Define $$f(y) = \begin{cases}\frac{1}{P(Y=y)} \int_{\{Y=y\}}XdP \quad P(Y=y) > 0\\ 0 \quad P(Y=y) =0\end{cases}$$

I'm trying to show that $f$ is a version of $E[X|Y=y]$. For this, I'm trying to prove that for $B$ a borel part of $\mathbb{R}^d$:

$$E[XI_{\{Y \in B\}}] = \int_B f(y) P_Y(dy)$$

I tried to work out both sides. Define $S:= \{y \in \mathbb{R}^d: P(Y=y) > 0\}$. This is by assumption at most countable, thus a Borel subset.

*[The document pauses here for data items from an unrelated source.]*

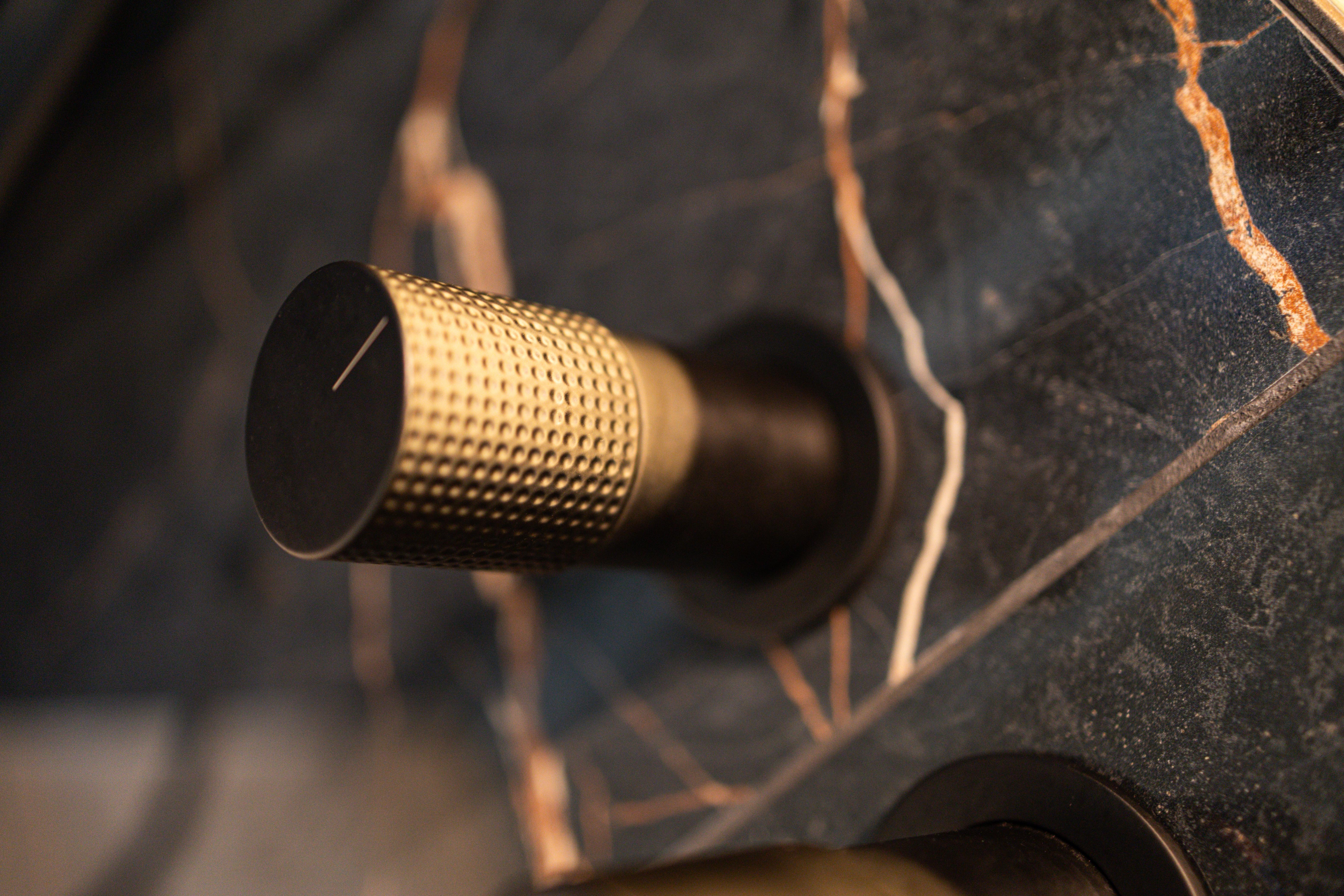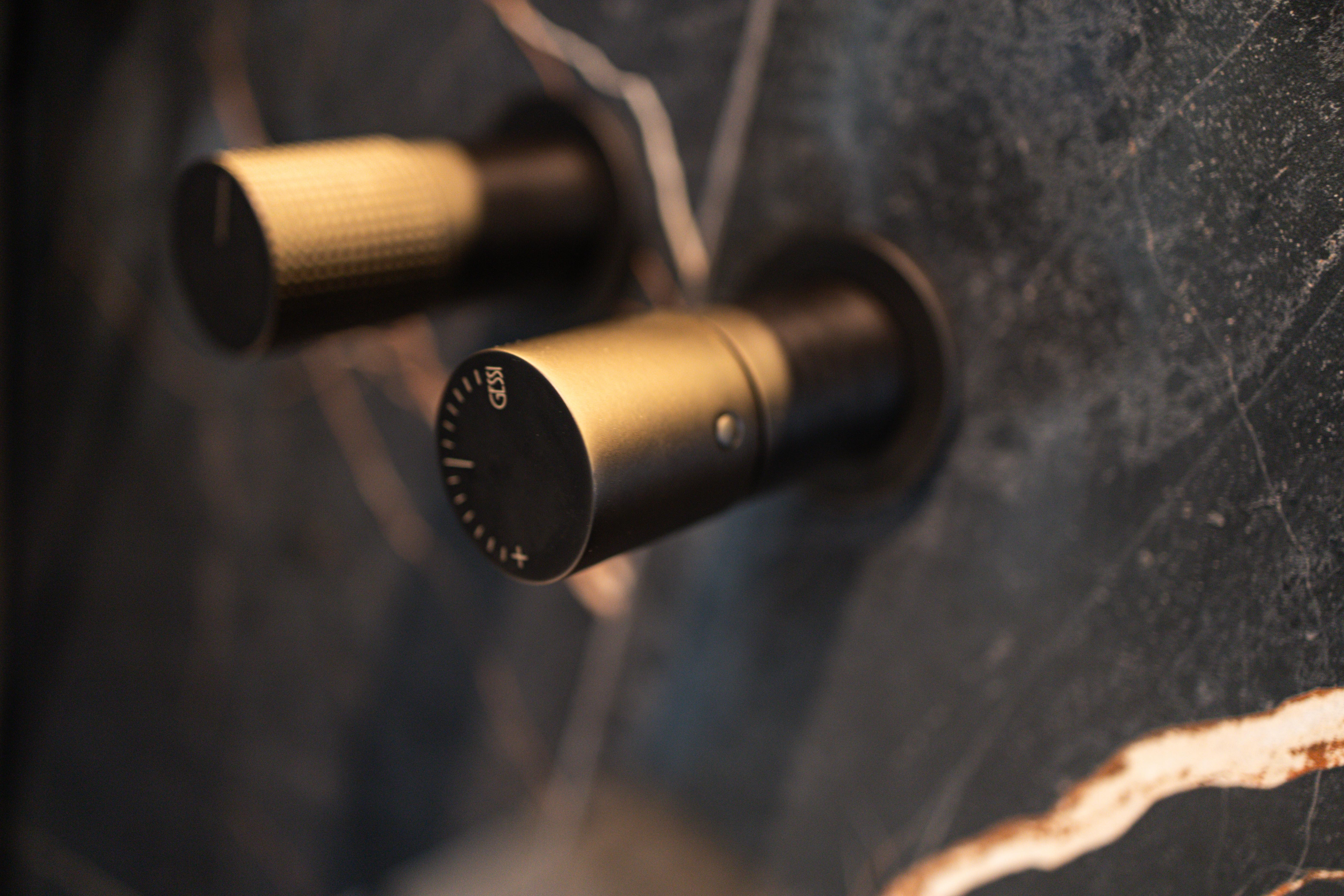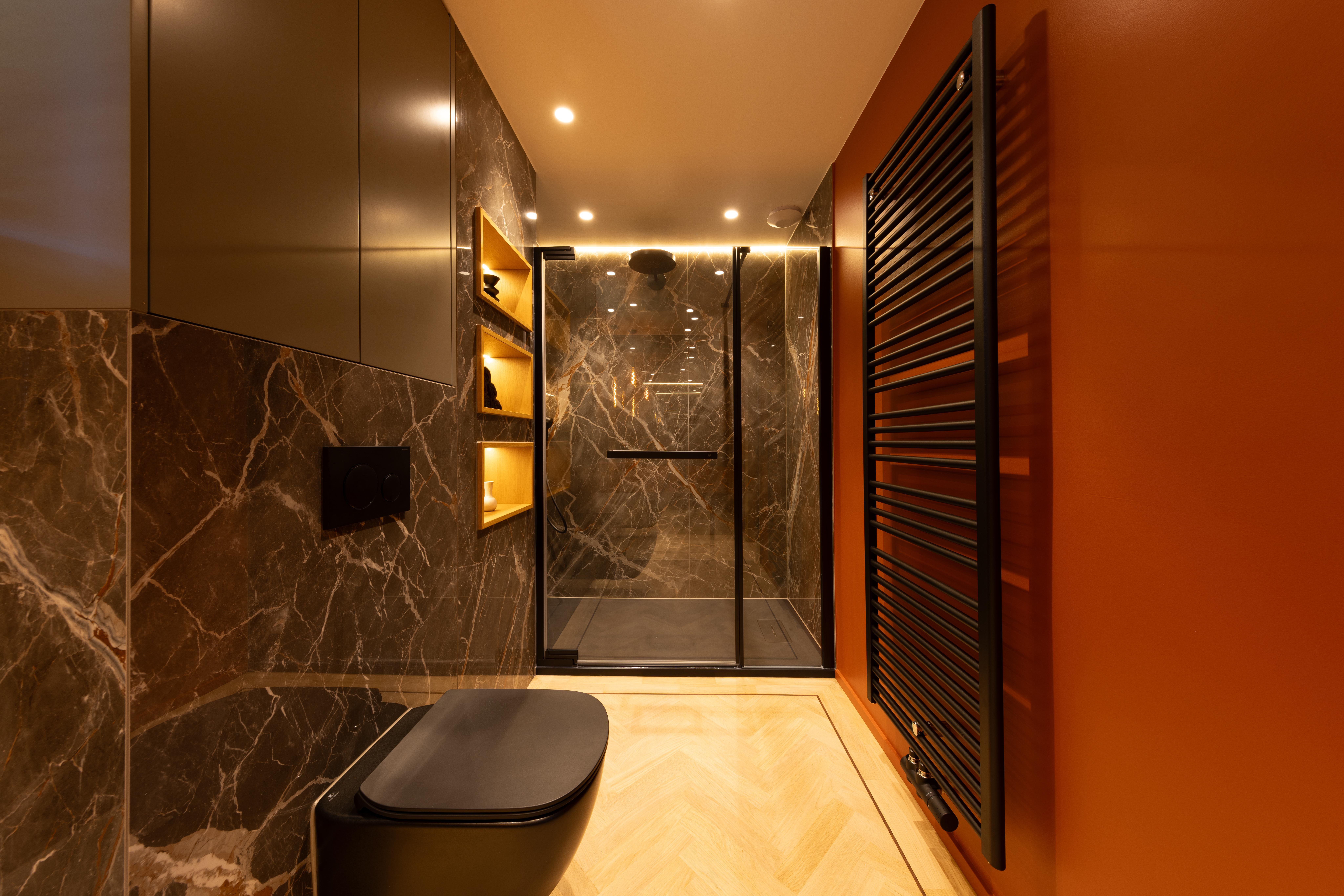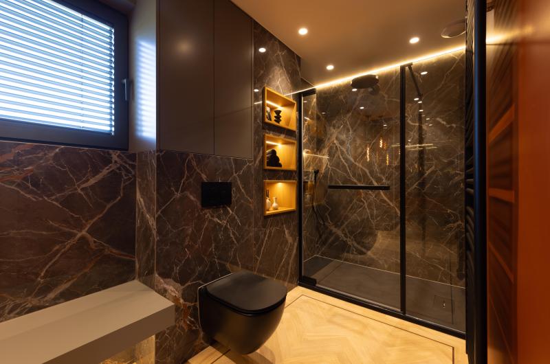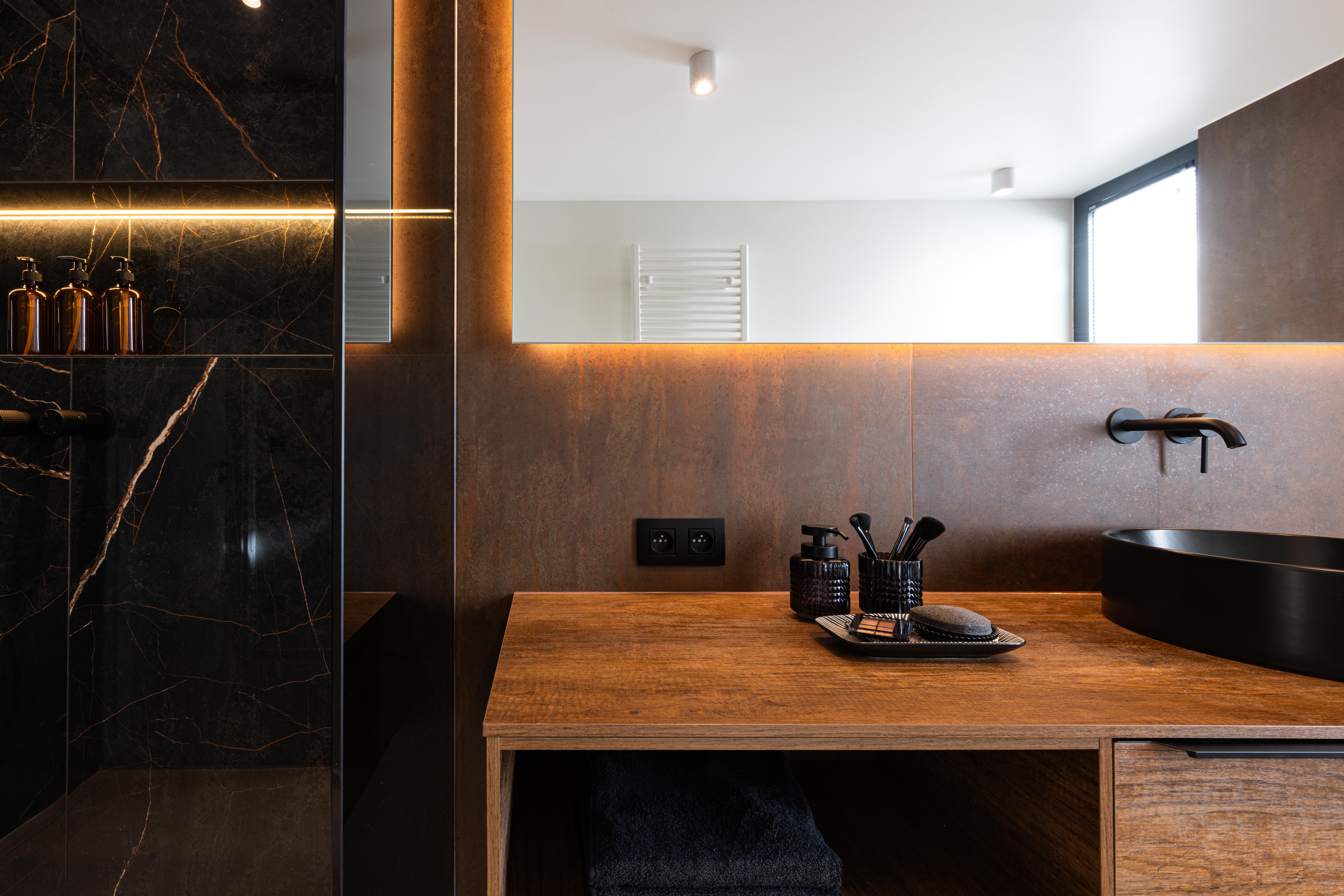 Salle de douche aux teintes foncées
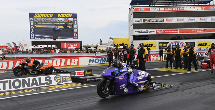 Bob Malloy’s quest to win the Mickey Thompson Top Fuel Harley class at Indy came to an end when he broke in his semifinal race against Jay Turner, but his performance a round earlier made headlines throughout the sport. Seemingly out of nowhere, Malloy powered to a 6.096-second run in his opening round win against Ryan Peery. It was the quickest run in the history of the class, eclipsing Tak Shigematsu’s record of 6.101 from the 2019 Amalie Motor Oil Gatornationals.
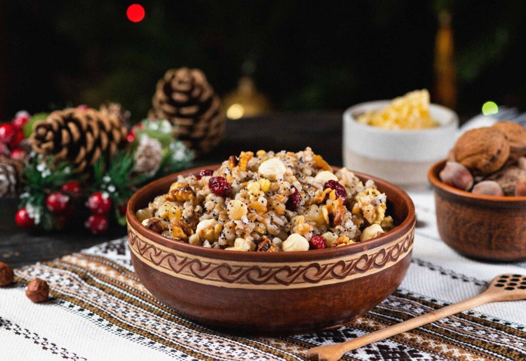 În fiecare colț al mesei este pus câte un cățel de usturoi, despre care tradiția spune că are rol protector, alungând bolile și spiritele rele. Preparatul central este kut’ja, un terci dulce obținut din grâu fiert, miere, semințe de susan și, uneori, alune.
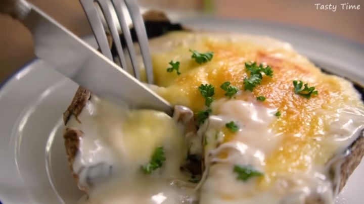 2品目は、ポータベラマッシュルームのグラタン。マッシュルームにホワイトソースとチーズをたっぷり詰め、トースターで15~20分ほど焼くと、濃厚なグラタンができあがります。

$$E[XI_{\{Y \in B\}}] = \int_{\{Y \in B\}} X dP$$

$$\int_B f(y) P_Y(dy) = \int_{B \cap S} \left(\frac{1}{P(Y=y)} \int_{\{Y=y\}}XdP\right)P_Y(dy)$$

Now, I'm stuck as to how to continue. I tried things like Fubini and applying the formula

$$\int_{A} gdP_Y = \int_{\{Y \in A\}} g \circ Y dP$$

but I could not find anything useful.

Any help will be appreciated!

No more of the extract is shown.